The Co-operative Group has posted profits of £12m for the first half of 2014, a return to form after its financial performance in 2013.
The group posted its worst financial results in its history during 2013, generating losses of £767m for the first six months of the year and an annual loss of£2.3bn.
However, underlying profits, excluding one-off gains from the sale of businesses, dropped 43% to £66m year-on-year.
Following the appointment of Richard Pennycook as chief executive in March, Co-op Group has begun the implementation of a three-year turnaround strategy.
Reform measures to the change the management structure of the group were passed this week and will include the Co-op Group reducing its board from 20 members to 11.
Penncook said: “Over the last six months we have been focused on putting the building blocks in place to allow us to move from what has been the rescue phase for the Group.

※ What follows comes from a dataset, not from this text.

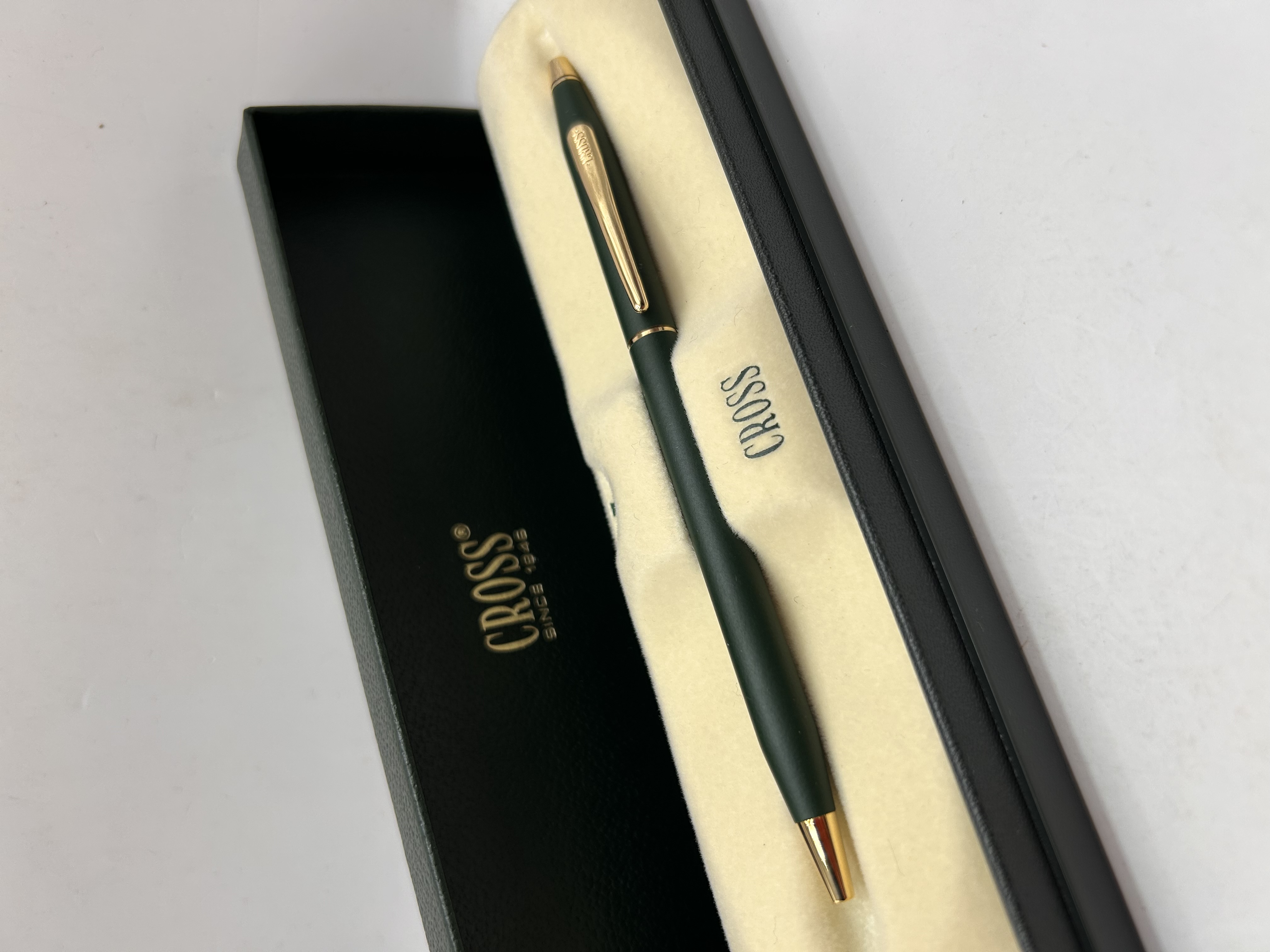 A Cross Classic Century ballpoint pen presented in its original packaging. The pen features a slender, cylindrical body finished in a matte dark green lacquer. The writing instrument is accented with gold-toned trim, visible on the cone tip, the central band, and the signature clip. The clip is marked with the “CROSS” brand name. The pen is housed in a dark presentation box with a cream-colored velvet interior. The interior lid is inscribed “CROSS ® SINCE 1846.” The box lining also features the “CROSS” branding.

“Much has been achieved as we work towards addressing our commercial recovery, including constitutional reform and reducing our significant debt levels. Now we can move on to what will be a long and exciting rebuild phase.
“Looking back at 2013, it will be remembered, at least in part, for the £2.5bn statutory comprehensive loss reported by the Group. The equivalent figure for the first six months of 2014 is a comprehensive gain of £116m and is just one indicator showing that the Group is moving solidly in the right direction.
“But that should not mask how much there is still to do.”